离县城不远就是我的家。五里墩村松树庄,因有一颗松树而得名。清楚记得现在大队部所在地“庄严寺”里有四颗海碗口粗的松树,树荫把院子都遮蔽了。
关于松树庄这里讲个小故事,据年近90岁的阎文孝老人口述:
最早李氏先祖明朝时从山西迁徙移民到庄浪卫城北五里有个"烽火台"的这个地方,惊奇地发现了一颗松树芽芽,先祖们认为生根发芽之寓意,就定居下来了。勤耕务农几年后修建了一个庄子,成了这里最大最早的高墙大院。我还有些朦胧模糊的记忆,门前有尺五粗,十几丈高的松树。几年前,同宗兄弟李国文寒暄说以前祖上是在松树庄的,后迁移到了田家岭居住,即今通远捷岭村。相传当时土匪横行,闻松树庄有一殷实人家,欲谋抢劫。傍晚时分,几个土匪来了!祖上有一后生长得身材魁梧,天生神力,一身武功,一手举起石磙,吓得几个土匪落荒而逃……
庄浪河畔的农田
自西向东流淌着从乌哨岭分流下来的河流叫庄浪河,(因若干年前永登称庄浪县,包括现在的天祝县,天祝境内叫金强河),它经过兰新公路的毎个村庄,从西固河囗最终汇入黄河。先民们沿着这条河几乎每个村都建有水磨,星罗棋布,我也不知道到底有多少座。能叫上名字的,如我太祖爷爷王雍修建的王家磨影响最深,(旁边还有榨油坊),沿河以下还有高家磨,靳家磨,河对面苟家磨(五渠),红城张家磨,红城徐家磨等。
以自然村为界依傍座落着,呈S形。我家乡的水磨我记忆尤深,但也不知道这些水磨是那年那月建起来的,无从考证。当时座落在松树庄西头的小河沟旁的磨坊,坐西向东,位置在现在的二社液化气站下面,整座磨坊几乎全是木制结构。建水磨之初,先在磨坊位置处开挖比水面低5米约35至45度斜面之间的阶梯河床,镶嵌2个宽约1米的大流水槽,引水作动力冲击水车磨轮,两个双轮磨台,它的上下左右,有六根木柱六块大石支撑,远处观望,像一座木塔悬挂于空中,磨坊长20米,宽10米,高5米;2个木质伞形水轮盘连接木轴栽在河床下,水轮再连接木轴向磨坊内两扇磨盘,直径约1米相等,薄厚不一。薄扇固定水轮柱上,厚扇用粗麻绳悬吊在薄扇上方的木梁上固定不动,水轮转动,带动薄石磨盘转动。谷物由厚石磨的小孔中淌到薄石盘面中,顺着石匠锻成的小槽缓缓散出,再由人工筛选,便成面粉。磨坊的四壁、地面全是木质的。想当年,修建时不知用了多少木头啊?肯定堆成了一座座小山!

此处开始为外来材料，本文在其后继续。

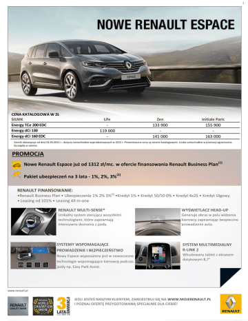 1 CENA KATALOGOWA W ZŁ SILNIK Energy TCe 200 EDC Energy dCi 130 Energy dCi 160 EDC Life Zen Initiale Paris 119 000 - 133 900 141 000 155 900 163 000 Cennik obowiązuje od dnia 01.04.2015 r., dotyczy samochodów wyprodukowanych w 2015 r. Prezentowane ceny są cenami katalogowymi. Liczba samochodów w promocji ograniczona. Szczegóły w salonie. PROMOCJA Nowe Renault Espace już od 1312 zł/mc. w ofercie finansowania Renault Business Plan(1) Pakiet ubezpieczeń na 3 lata - 1%, 2%, 3%(2) RENAULT FINANSOWANIE: •Renault Business Plan • Ubezpieczenie 1% 2% 3%(2) •Kredyt 1% • Kredyt 50/50 0% • Kredyt 4x25 • Kredyt Ulgowy • Leasing od 101% • Leasing All-in-one RENAULT MULTI-SENSE® WYŚWIETLACZ HEAD-UP Unikalny system sterujący wszystkimi technologiami, które zapewniają intensywne doznania z jazdy. Generuje obraz w polu widzenia kierowcy zapewniając bezpieczne prowadzenie auta. SYSTEMY WSPOMAGAJĄCE PROWADZENIE I BEZPIECZEŃSTWO SYSTEM MULTIMEDIALNY R-LINK 2 Nowy Espace wyposażony jest w nowoczesne technologie wspomagające kierowcę podczas jazdy np. Easy Park Assist. Wbudowany tablet z ekranem dotykowym 8,7" JEŚLI JESTEŚ NASZYM KLIENTEM, ZAREJESTRUJ SIĘ NA WWW.MOJERENAULT.PL I POZNAJ OFERTĘ PRZYGOTOWANĄ SPECJALNIE DLA CIEBIE! WYPOSAŻENIE Life Zen Initiale Paris ABS z ukła dem ws poma ga ni a na głego ha mowa ni a ● ● ● Sys tem dyna mi cznej kontrol i toru ja zdy ESC ● ● ● Automa tyczny ha mul ec pos tojowy, el ektromecha ni czny ● ● ● Czołowe podus zki powi etrzne ki erowcy i pa s a żera z możl i woś ci ą deza ktywa cji podus zki pa s a żera ● ● ● Boczne podus zki powi etrzne ● ● ● Podus zki kurtynowe w 1. i 2.rzędzi e ● ● ● Czujni k ś wi a tła i des zczu ● ● ● Automa tyczna bl oka da drzwi podcza s ja zdy ● ● ● Sys tem mocowa ni a fotel i ka dl a dzi ecka Is ofi x na tyl nych mi ejs ca ch w 2. rzędzi e ● ● ● Sys tem kontrol i bezpi ecznej odl egłoś ci - P ● Aktywny s ys tem ws poma ga ni a na głego ha mowa ni a - P ● Sys tem ws poma ga ni a pa rkowa ni a przód/tył/bok ● ● ● Ka mera cofa ni a - P ● System wspomagania parkowania Easy Park Assist - P ● 4 koła s krętne - P ● Ukła d El ectroni c Da mper Control (el ektryczni e regul owa na s i ła tłumi eni a a mortyza torów) - P ● Regul a tor - ogra ni czni k prędkoś ci ● ● ● Aktywny regul a tor prędkoś ci - P P Ada pta cyjne ś wi a tła drogowe, s ys tem kontrol i pa s a ruchu LWD, s ys tem os trzega ni a o na dmi ernej prędkoś ci z funkcją rozpozna wa ni a zna ków drogowych - P ● Wyś wi etl a cz Hea d-Up - P P Zes ta w do na pra wy us zkodzeni a opony ● ● ● Sys tem kontrol i ci ś ni eni a w opona ch ● ● ● 310 310 310 Sys tem ws poma ga ni a przy rus za ni u pod górę (HSA) ● ● ● Sys tem kontrol i tra kcji ● ● ● Układ odzyskiwania energii podczas hamowania (Energy Smart Management) ● ● ● Komputer pokładowy ● ● ● Układ kierowniczy ze wspomaganiem elektrycznym ● ● ● Rena ul t Mul ti -Sens e ® - ● ● Świ a tła LED Pure Vi s i on ● ● ● Stalowe obręcze kół 17" VORTEX ● - - Aluminiowe obręcze kół 17'' AQUILA 2 500 0 - Aluminiowe obręcze kół 18'' LAPIAZ 4 500 ● - Aluminiowe obręcze kół 19'' QUARTZ - P - BEZPIECZEŃSTWO SYSTEMY WSPOMAGAJĄCE PROWADZENIE Koło za pa s owe doja zdowe PROWADZENIE WYGLĄD ZEWNĘTRZNY Aluminiowe obręcze kół 19'' INITIALE PARIS - - ● Obudowa lusterek bocznych w kolorze lśniącej czerni ● ● ● Szyby tyl ne boczne i tyl na przyci emni a ne - ● ● La ki er meta l i zowa ny 2 500 2 500 2 500 La ki er meta l i zowa ny s pecja l ny 3 200 3 200 3 200 Tonacja wnętrza w kolorze brązowym ● ● ● Tonacja wnętrza w kolorze szarym - 0 0 Tapicerka materiałowa w kolorze brązowym ● - - Tapicerka materiałowa łączona ze skórą ekologiczną w kolorze brązowym - ● - Tapicerka skórzana w kolorze brązowym - 6 000 ● Tapicerka skórzana cieniowana szaro-brązowa - - 0 Ozdobny pa nel kons ol i ś rodkowej brązowy "Dot Effect" - ● - Ozdobny pa nel kons ol i ś rodkowej "Hol ogra m" - 200 - Ozdobny panel konsoli środkowej "Silver Wood" - 200 ● Ozdobny panel konsoli środkowej jasnoszary - - 200 Dywaniki podłogowe w 1. i 2. rzędzie ● ● ● WYGLĄD WNĘTRZA Life Zen Initiale Paris Ozdobny pa nel kons ol i ś rodkowej "Hol ogra m" - 200 - Ozdobny pa nel kons ol i ś rodkowej brązowy "Dot Effect" - ● - Ozdobny panel konsoli środkowej "Silver Wood" - 200 ● WYGLĄD WNĘTRZA - cd Ozdobny panel konsoli środkowej jasnoszary - - 200 Dywaniki podłogowe w 1. i 2. rzędzie ● ● ● ● ● ● Dach panoramiczny elektrycznie otwierany w częsci przedniej - 4 000 4 000 Karta Renault Hands Free ● ● ● Automatyczna klimatyzacja dwustrefowa ● ● ● 2 000 2 000 ● Szyby przednie i tylne regulowane eletrycznie ● ● ● Wewnętrzne lusterko wsteczne elektrochromatyczne ● ● ● Elektrycznie regulowane i składane lusterka boczne ● ● - Elektrycznie regulowane i składane lusterka boczne z pamięcią ustawienia - 500 ● Żaluzje przeciwsłoneczne w 2. rzędzie - ● ● KOMFORT Dach panoramiczny, w części przedniej nieotwierany Dodatkowy moduł klimatyzacji Oświetlenie ambientowe wnętrza AMBIENT LIGHTING - ● ● 800 800 ● Podgrzewana szyba przednia P P P Zagłówki Relax w 1. i 2. rzędzie - - ● Elektrycznie otwierana klapa bagażnika - P ● Atermiczna szyba przednia SIEDZENIA Trzy niezależne fotele 2. rzędu ● ● ● 4 000 4 000 4 000 1000/P 1000/P ● Pogrzewane fotele boczne 2.rzędu Fotele przednie z regulacją wysokości , fotel kierowcy z regulacją podparcia lędźwiowego P P P ● - - Fotele przednie z regulacją wysokości i podparcia lędźwiowego - ● - - 1 250 - - 2 500 ● ● ● ● System multimedialny R-Link 2® ● ● ● Nagłośnienie Arkamys® ● ● - Nagłośnienie Bose® Surround System - 3 200 ● Mapa Europy wersja rozszerzona ● ● ● DVD

当时由于庄浪河床常年冲刷,使得地势高于河床,直接引不了水,乡亲们在上游拦蓄河水,用沙石、树枝等物垒砌,把河水拦腰斩断,形成一个小河坝,然后开挖一条长约2000米、宽约3米左右的引渠,将水引入磨坊,(以后叫磨沟了)。利用水槽的倾斜度和水流的冲击力,带动安装在磨坊下的巨型水轮转动,磨坊里的石磨,就开始转动磨面了。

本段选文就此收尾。